▸ Your assignment
The answer must be only the lines below from the one holding "优贝(RoyalBaby)儿童自行车男女镁合金单车 月亮系列4-7岁 宇航员16寸 红色" down to the one holding "- Otros filtros: Puede", ends included, printed exactly; please omit all pictures.
[[ Supplied data, beginning ]]
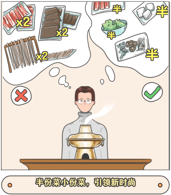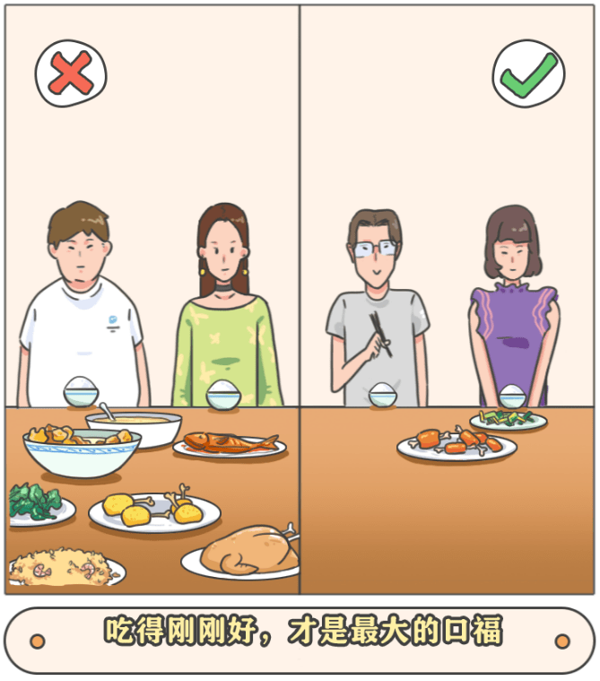 主副食、荤素搭配均衡才能吃出健康,合理点菜,不贪图排场,养成剩菜打包的习惯。
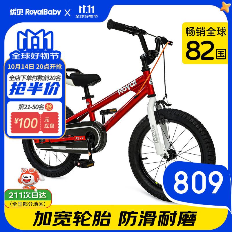 优贝(RoyalBaby)儿童自行车男女镁合金单车 月亮系列4-7岁 宇航员16寸 红色
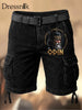 Herren Vintage Viking Mythos bedruckte Textur Kordel zug Tasche Freizeit-Cargo-Shorts
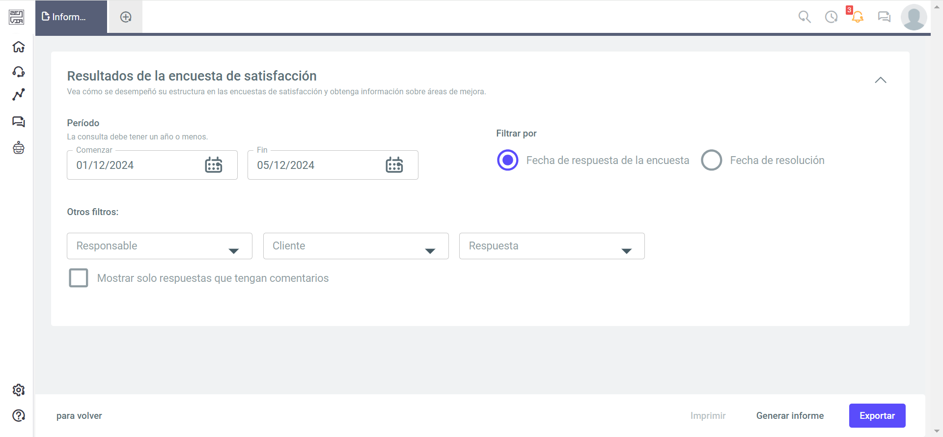 - Otros filtros: Puede elegir por responsable, cliente y respuesta.
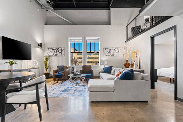 Enjoy this stylish, 3-bedroom, 2 bath downtown loft. This rare find has it all: city views, soaring ceilings, modern decor, & fully equipped kitchen. Kick back on our sprawling sectional, tune in to the game on our 60” Hisense TV, or cozy up with a book in front of our electric fireplace in the loft. This modern space boasts a king, queen, (2) twin beds, & in-unit washer/dryer combo. Enjoy free access to our community room, rooftop patio, and gym. FREE shuttle to/from Lambeau on game day.
[[ Supplied data, end ]]
▸ Written answer
 优贝(RoyalBaby)儿童自行车男女镁合金单车 月亮系列4-7岁 宇航员16寸 红色
 Herren Vintage Viking Mythos bedruckte Textur Kordel zug Tasche Freizeit-Cargo-Shorts
 - Otros filtros: Puede elegir por responsable, cliente y respuesta.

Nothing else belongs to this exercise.